Diabetes mellitus (DM) augments the risk of hospitalization and mortality resulting from viral, bacterial, or fungal pathogen infection. This has been also true for the past SARS and MERS, and current SARS-CoV-2 coronavirus epidemics. Clinical data indicate that SARS-CoV-2 infection triggers a severe course of COVID-19 more frequently in diabetic than non-diabetic patients. Here we overview the cellular and molecular mechanisms associated with this phenomenon. We focus on alterations in the immune cells, especially monocytes and macrophages, involved in innate immune response and inflammatory processes, which differ in type 1 diabetes mellitus (T1DM) and type 2 diabetes mellitus (T2DM). We also describe the DM-related changes in the monocyte/macrophages functions, how they could lead to the severe outcome of SARS-CoV-2 infection, and importantly, if and how they could initiate DM in DM-susceptible patients.

Pancreatic macrophages

Diabetes occurs when the excess of glucose accumulates in the blood because the pancreas, an organ responsible for the homeostasis of glucose in the bloodstream, is not producing enough insulin. The pancreas is a heterocrine gland that has food digestive (exocrine) and hormonal (endocrine) function. In its exocrine capacity, the pancreas produces hormones insulin, which lowers glucose level, and glucagon, which raises glucose level, and somatostatin, which inhibits the secretion of insulin and glucagon. There are five types of cells in the pancreatic islets: β-cells secreting insulin; alpha cells secreting glucagon, delta cells secreting somatostatin, epsilon cells secreting ghrelin (a so-called “hunger hormone” that stimulates food intake, fat deposition and growth hormone release), and pancreatic polypeptide (PP) secreting cells, which regulate endocrine and exocrine secretory functions of the pancreas.

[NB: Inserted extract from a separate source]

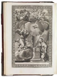 In folio (320 x 230 mm). 460 lxxx pp. Frontespizio e testo su due colonne stampati in rosso e nero, con iniziali e fregi xilografici. Vignetta al frontespizio e 3 tavole calcografiche, tutte incise da Suor Isabella Piccini. Legatura coeva in velluto cremisi riccamente decorata in argento, tagli dorati e goffrati, 6 segnacoli in seta verde tenuti assieme da fermaglio in argento. Strappo alla carta D4, qualche traccia del tempo, ma nel complesso copia bellissima su carta forte.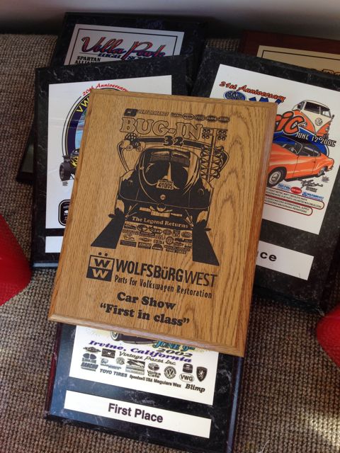 A pile of awards from the top California events such as the Bug In and VW

In addition, the pancreatic islets contain a population of resident islet macrophages. The islet macrophages are self-renewed and are rarely, if not at all, replenished by the bone marrow/blood-derived monocytes (Carrero et al. 2017). Islet macrophages are situated in the vicinity of the blood vessels, and they communicate with the cellular and acellular components of the blood through the filopodia that extend to the lumen of the vessels. They also interact with the β-cells, capturing insulin and presenting it to the autoreactive CD+4 T cells, which are critical for the immune response. Islet macrophages express both stimulatory and suppressive ligands and receptors, chemokines, and cytokines including IL-1β, TNFα, and a high level of major histocompatibility complex MHC-II, and as such are the key regulator of the activation and recruitment of the lymphocytes, and additional monocyte/macrophages into the islets during the infection (Calderon et al. 2011, 2015; Carrero et al. 2017; Ferris et al. 2017; Vomund et al. 2015). For example, Carrero et al. (2017) showed that in the autoimmune diabetes nude mouse model, the deepletion of the islet macrophages using monoclonal antibody against the macrophage colony-stimulating factor1 (CSF-1) receptor decreses a recruitment of T cells into the islets.

Pancreatic macrophages in Diabetes mellitus (DM)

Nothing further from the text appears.